**Task prompt**
Go through the listing below and output exactly the line with "제브라 사라사 클립 중성펜 0.5 JJ15 옐로우 1다스 10개입", the line with "설문은 약 3~5분 내로", and each line between; omit the rest.

**Material provided**

((

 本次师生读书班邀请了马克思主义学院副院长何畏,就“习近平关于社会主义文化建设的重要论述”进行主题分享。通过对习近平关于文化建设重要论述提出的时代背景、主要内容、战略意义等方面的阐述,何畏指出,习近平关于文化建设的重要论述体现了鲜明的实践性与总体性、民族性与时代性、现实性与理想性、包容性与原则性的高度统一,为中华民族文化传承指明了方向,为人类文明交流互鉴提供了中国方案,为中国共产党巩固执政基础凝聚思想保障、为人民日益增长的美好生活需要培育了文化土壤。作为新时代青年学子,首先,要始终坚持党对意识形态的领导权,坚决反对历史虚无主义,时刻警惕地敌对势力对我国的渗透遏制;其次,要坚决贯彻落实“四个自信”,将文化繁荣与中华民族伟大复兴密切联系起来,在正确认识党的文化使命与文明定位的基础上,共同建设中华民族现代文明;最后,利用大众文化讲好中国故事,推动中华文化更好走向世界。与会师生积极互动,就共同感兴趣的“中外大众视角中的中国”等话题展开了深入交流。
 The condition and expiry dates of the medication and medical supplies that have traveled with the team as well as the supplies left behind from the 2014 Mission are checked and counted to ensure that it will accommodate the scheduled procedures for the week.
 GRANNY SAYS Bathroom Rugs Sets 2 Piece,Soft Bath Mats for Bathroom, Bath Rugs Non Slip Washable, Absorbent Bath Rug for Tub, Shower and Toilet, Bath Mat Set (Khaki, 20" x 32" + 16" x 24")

))
((

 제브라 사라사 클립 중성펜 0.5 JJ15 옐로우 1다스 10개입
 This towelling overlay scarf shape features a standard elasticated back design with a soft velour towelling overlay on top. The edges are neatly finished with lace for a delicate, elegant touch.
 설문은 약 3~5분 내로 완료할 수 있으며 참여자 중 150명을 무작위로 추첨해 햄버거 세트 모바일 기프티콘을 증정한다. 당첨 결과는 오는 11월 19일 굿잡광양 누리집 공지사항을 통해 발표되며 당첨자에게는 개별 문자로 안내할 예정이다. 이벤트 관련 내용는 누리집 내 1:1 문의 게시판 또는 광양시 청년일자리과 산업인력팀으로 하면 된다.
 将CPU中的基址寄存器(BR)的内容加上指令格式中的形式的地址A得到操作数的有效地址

))
((

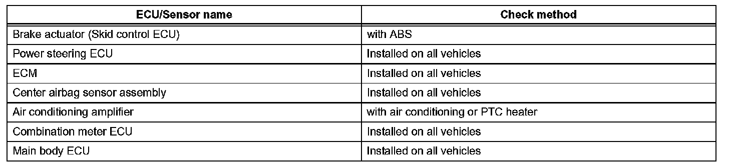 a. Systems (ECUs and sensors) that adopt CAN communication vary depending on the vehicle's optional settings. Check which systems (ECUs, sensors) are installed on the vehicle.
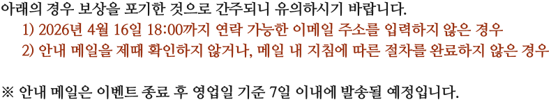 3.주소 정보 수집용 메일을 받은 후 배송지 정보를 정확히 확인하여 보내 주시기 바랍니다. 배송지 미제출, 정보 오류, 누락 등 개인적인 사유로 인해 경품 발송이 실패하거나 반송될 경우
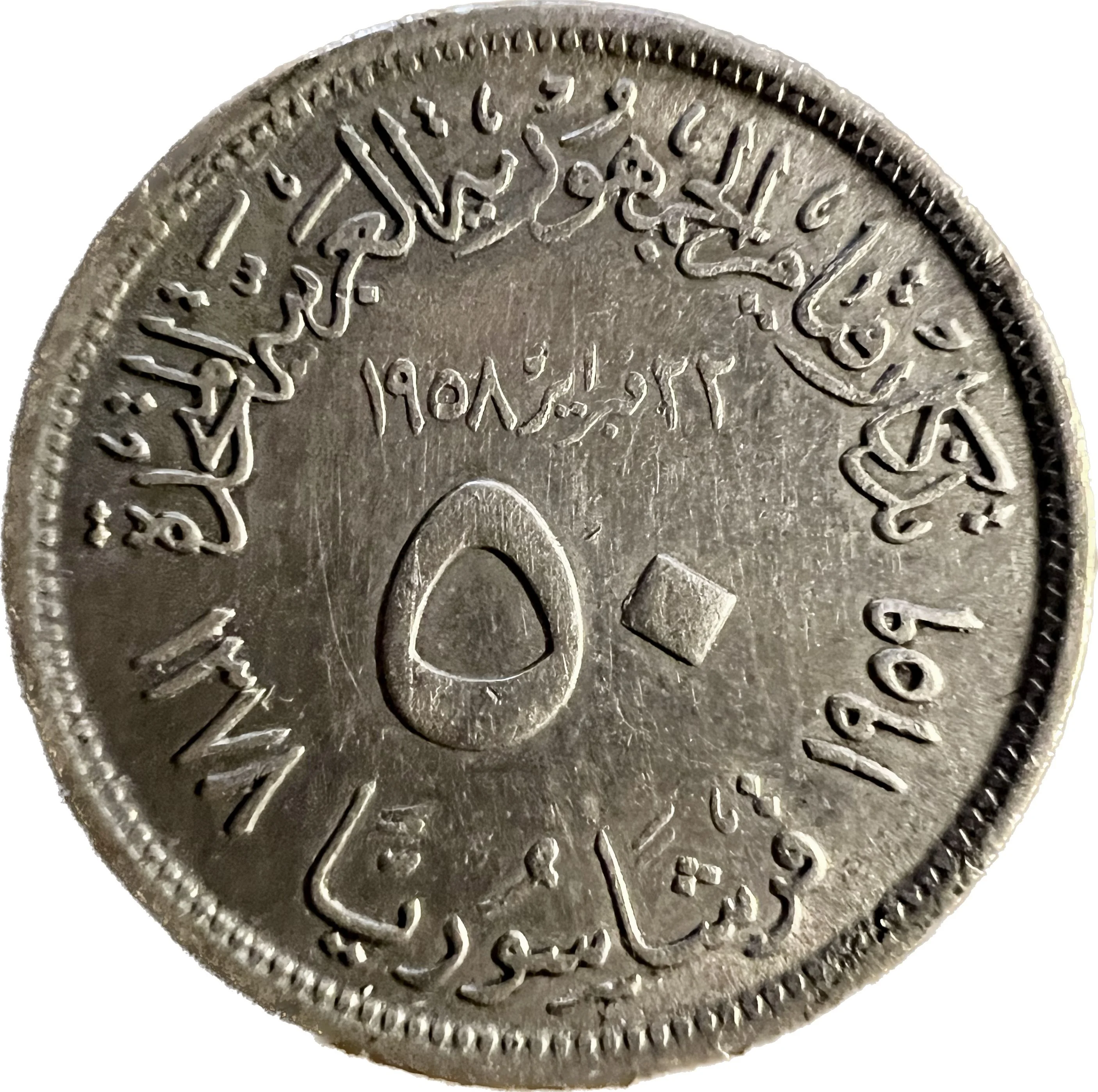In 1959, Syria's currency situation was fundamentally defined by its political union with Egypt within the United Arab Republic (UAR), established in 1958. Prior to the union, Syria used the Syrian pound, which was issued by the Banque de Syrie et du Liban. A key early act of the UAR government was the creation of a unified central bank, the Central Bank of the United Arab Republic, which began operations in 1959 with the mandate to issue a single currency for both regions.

))

**Answer to this exercise**
 제브라 사라사 클립 중성펜 0.5 JJ15 옐로우 1다스 10개입
 This towelling overlay scarf shape features a standard elasticated back design with a soft velour towelling overlay on top. The edges are neatly finished with lace for a delicate, elegant touch.
 설문은 약 3~5분 내로 완료할 수 있으며 참여자 중 150명을 무작위로 추첨해 햄버거 세트 모바일 기프티콘을 증정한다. 당첨 결과는 오는 11월 19일 굿잡광양 누리집 공지사항을 통해 발표되며 당첨자에게는 개별 문자로 안내할 예정이다. 이벤트 관련 내용는 누리집 내 1:1 문의 게시판 또는 광양시 청년일자리과 산업인력팀으로 하면 된다.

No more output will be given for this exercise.